Yi Jiang (Los Alamos)
Multiscale modeling for tumor angiogenesis
Tumor angiogenesis, the formation of new blood vessels from existing
vasculature in response to chemical signals from a tumor, is a
crucial step in cancer invasion and metastasis. Though the detailed
processes involved in angiogenesis are well established, the biomechanical
and biochemical mechanisms behind the vessel formation are largely
unresolved. We have developed a cell-based, multiscale modeling
framework that has been successfully applied to study tumor induced
angiogenesis. Our multiscale model is the first to incorporate
intracellular signaling pathways, cellular dynamics, cell-cell,
cell-matrix, cell-environment interactions, as well as chemical
dynamics, for tumor-induced angiogenesis. It is also the first
to simulate emergent vessel branching, anastomosis, and the brush
border effect. I will show that the model has not only reproduced
realistic sprout morphogenesis, but also generated testable hypotheses
regarding mechanistic role of angiogenic factor (VEGF) and the
topography of extracellular matrix, on sprout branching and fusion.
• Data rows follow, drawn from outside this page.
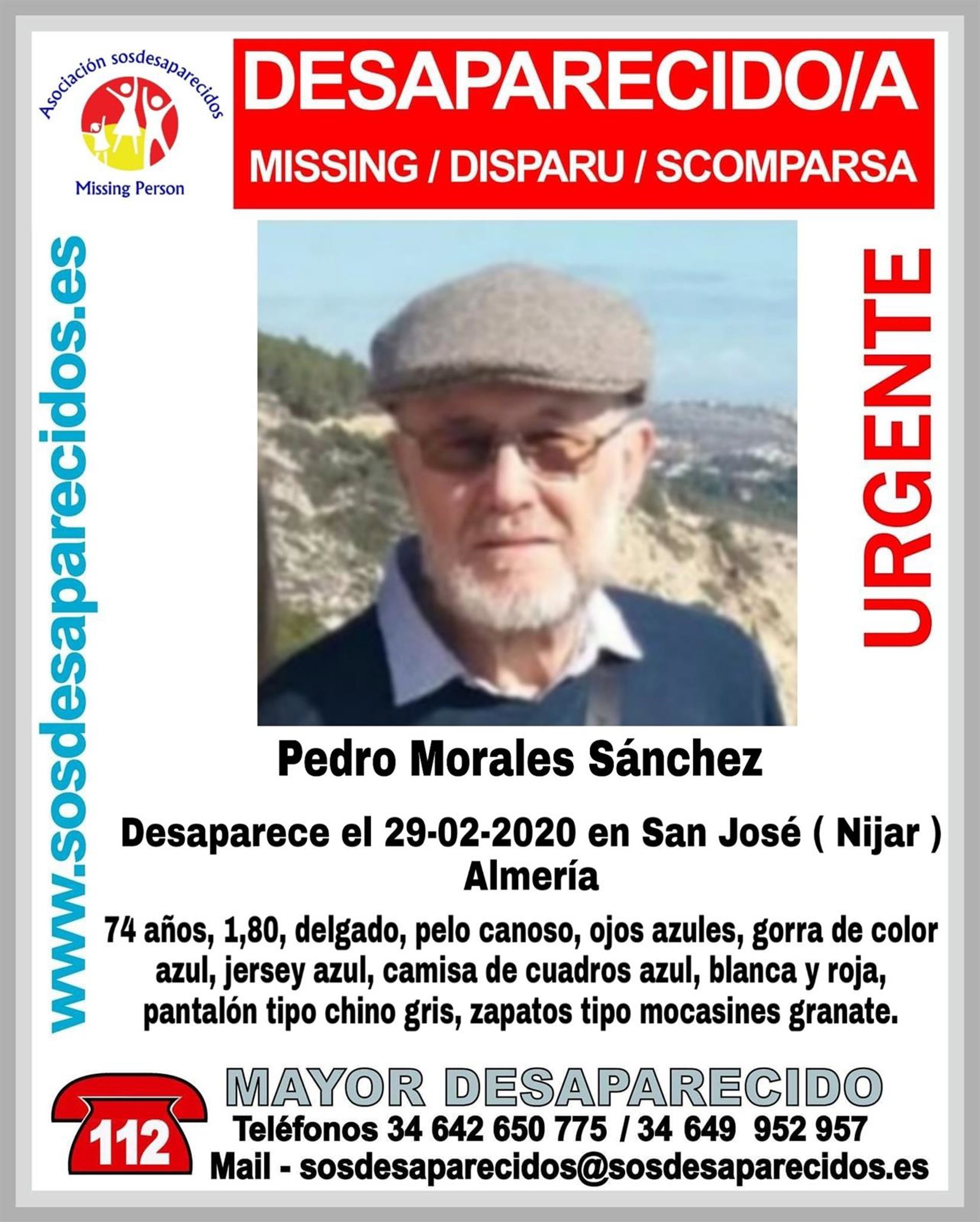 Pedro Morales Sánchez, de 74 años, residente en Cartagena, ha desaparecido en San José, localidad de Níjar perteneciente al parque natural del Cabo de Gata-Níjar.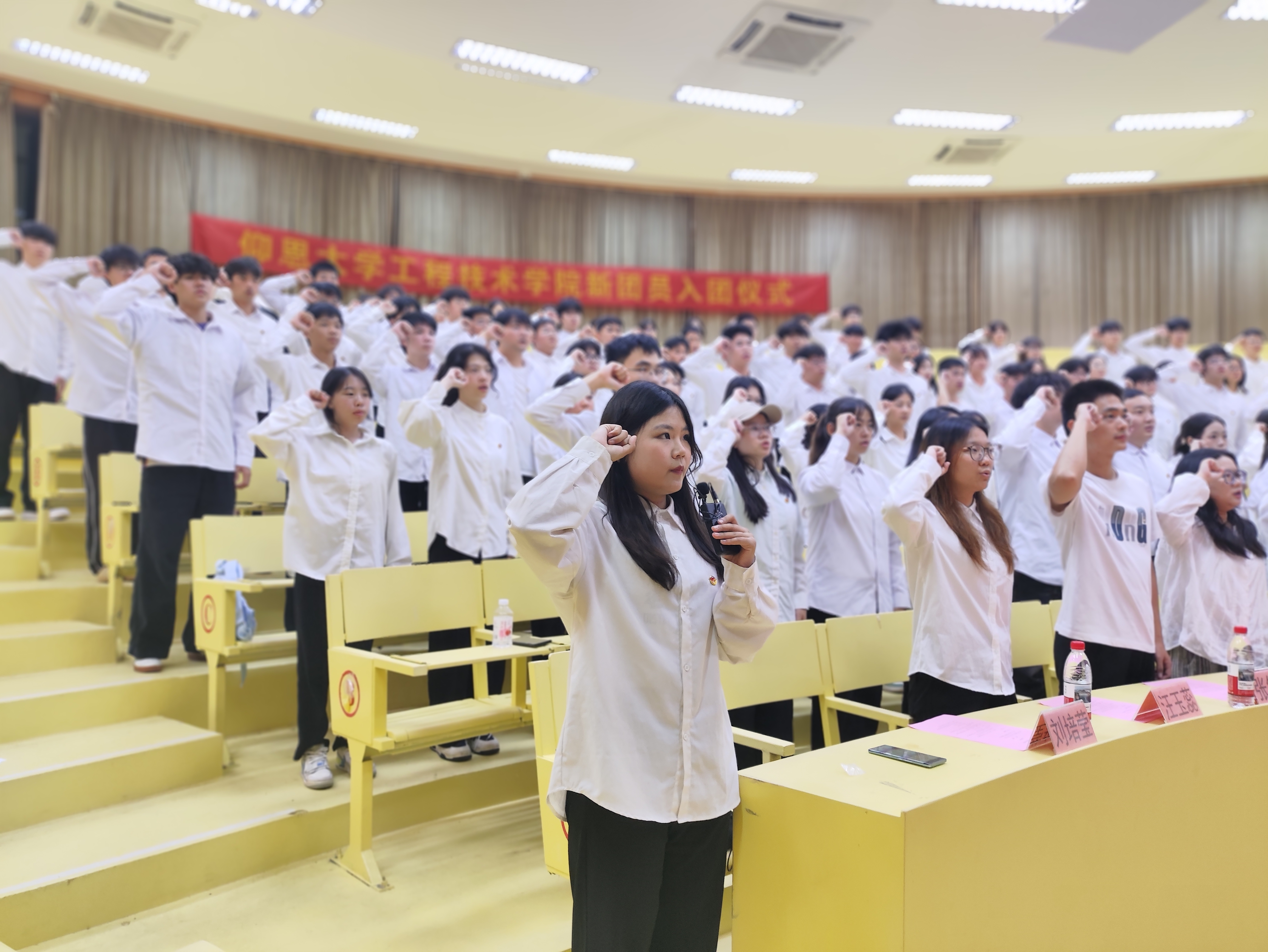 为加强团员思想引领,增强团组织凝聚力,2025年5月22日晚,jinnianhui今年会团委于惟勤讲堂举行新团员入团仪式。jinnianhui今年会团委及各系团总支老师、本学期全体新发展团员及院系学生代表参加本次入团仪式。本次仪式由洪鹏辉主持,仪式在庄严的国歌声中拉开序幕。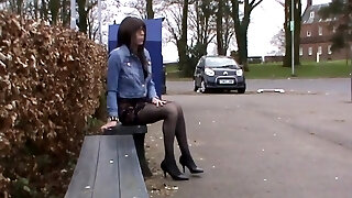 Naughty tranny enjoys public flashing and foot handballing in Paris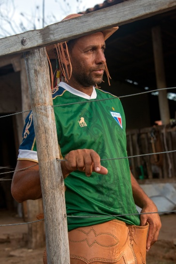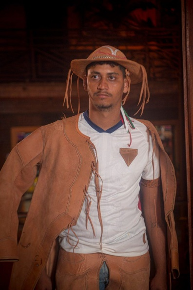 Em seguida, aparece Espedido Seleiro sendo apresentado como “tesouro da cultura”, trabalhando em seu ateliê (figura 6), falando sobre o amor e dedicação pela sua profissão. Na cena aparecem vários artefatos feitos em couro e seu testemunho sobre a sua paixão pelo Fortaleza E.C no formato de background14. Sua voz se mistura com o som da sanfona que toca uma canção da torcida do Fortaleza E.C em apoio ao time. O vídeo continua com imagens de um vaqueiro vestido com o uniforme do Fortaleza, seu chapéu de couro e gibão (figura 7). Na sequência, aparecem flashs desse vaqueiro montado a cavalo “correndo” no curral, cenas de crianças jogando bola, um casal em uma casa simples, feita de barro, usando o uniforme do Fortaleza E.C e, para finalizar, o artesão bate no peito, fala da exclusividade que o time tem com essa sua peça, ressaltando sua torcida, demostrando todo o amor pelo clube.

Philip Jones (Cambridge Cancer Ctr.)
The self assembling stem cell niche: a new model of epidermal
homeostasis
Mammalian epidermis is an ideal system in which to study stem
cell behaviour as it is constantly being turned over, has a simple
architecture, and is predominantly composed of a single cell lineage,
the epidermal keratinocyte. Epidermis consists of layers of keratinocytes.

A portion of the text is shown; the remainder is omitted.